TASK OBJECTIVE >> Return each record exactly as it appears, so that nothing is dropped or altered.

EXCERPTED DATA >>
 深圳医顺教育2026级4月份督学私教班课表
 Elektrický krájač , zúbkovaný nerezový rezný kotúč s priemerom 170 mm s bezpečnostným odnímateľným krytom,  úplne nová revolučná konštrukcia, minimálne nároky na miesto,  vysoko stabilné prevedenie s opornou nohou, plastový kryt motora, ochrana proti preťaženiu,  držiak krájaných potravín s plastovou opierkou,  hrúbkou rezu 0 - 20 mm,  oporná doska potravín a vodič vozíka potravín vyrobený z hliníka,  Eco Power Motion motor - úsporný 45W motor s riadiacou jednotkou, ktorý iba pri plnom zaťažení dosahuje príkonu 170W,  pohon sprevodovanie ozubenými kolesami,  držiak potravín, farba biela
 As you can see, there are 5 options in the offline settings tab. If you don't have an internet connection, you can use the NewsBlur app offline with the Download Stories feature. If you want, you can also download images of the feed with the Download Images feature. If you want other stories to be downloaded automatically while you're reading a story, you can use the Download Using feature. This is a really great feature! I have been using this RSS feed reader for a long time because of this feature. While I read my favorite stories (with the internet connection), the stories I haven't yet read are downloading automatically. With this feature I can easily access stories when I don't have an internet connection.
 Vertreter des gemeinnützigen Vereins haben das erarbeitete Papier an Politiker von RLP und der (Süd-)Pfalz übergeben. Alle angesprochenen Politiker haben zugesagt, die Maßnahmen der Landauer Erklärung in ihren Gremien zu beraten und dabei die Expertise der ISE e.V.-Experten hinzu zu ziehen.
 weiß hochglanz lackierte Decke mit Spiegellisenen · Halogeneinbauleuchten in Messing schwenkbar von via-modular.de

ANSWER >>
 深圳医顺教育2026级4月份督学私教班课表
 Elektrický krájač , zúbkovaný nerezový rezný kotúč s priemerom 170 mm s bezpečnostným odnímateľným krytom,  úplne nová revolučná konštrukcia, minimálne nároky na miesto,  vysoko stabilné prevedenie s opornou nohou, plastový kryt motora, ochrana proti preťaženiu,  držiak krájaných potravín s plastovou opierkou,  hrúbkou rezu 0 - 20 mm,  oporná doska potravín a vodič vozíka potravín vyrobený z hliníka,  Eco Power Motion motor - úsporný 45W motor s riadiacou jednotkou, ktorý iba pri plnom zaťažení dosahuje príkonu 170W,  pohon sprevodovanie ozubenými kolesami,  držiak potravín, farba biela
 As you can see, there are 5 options in the offline settings tab. If you don't have an internet connection, you can use the NewsBlur app offline with the Download Stories feature. If you want, you can also download images of the feed with the Download Images feature. If you want other stories to be downloaded automatically while you're reading a story, you can use the Download Using feature. This is a really great feature! I have been using this RSS feed reader for a long time because of this feature. While I read my favorite stories (with the internet connection), the stories I haven't yet read are downloading automatically. With this feature I can easily access stories when I don't have an internet connection.
 Vertreter des gemeinnützigen Vereins haben das erarbeitete Papier an Politiker von RLP und der (Süd-)Pfalz übergeben. Alle angesprochenen Politiker haben zugesagt, die Maßnahmen der Landauer Erklärung in ihren Gremien zu beraten und dabei die Expertise der ISE e.V.-Experten hinzu zu ziehen.
 weiß hochglanz lackierte Decke mit Spiegellisenen · Halogeneinbauleuchten in Messing schwenkbar von via-modular.de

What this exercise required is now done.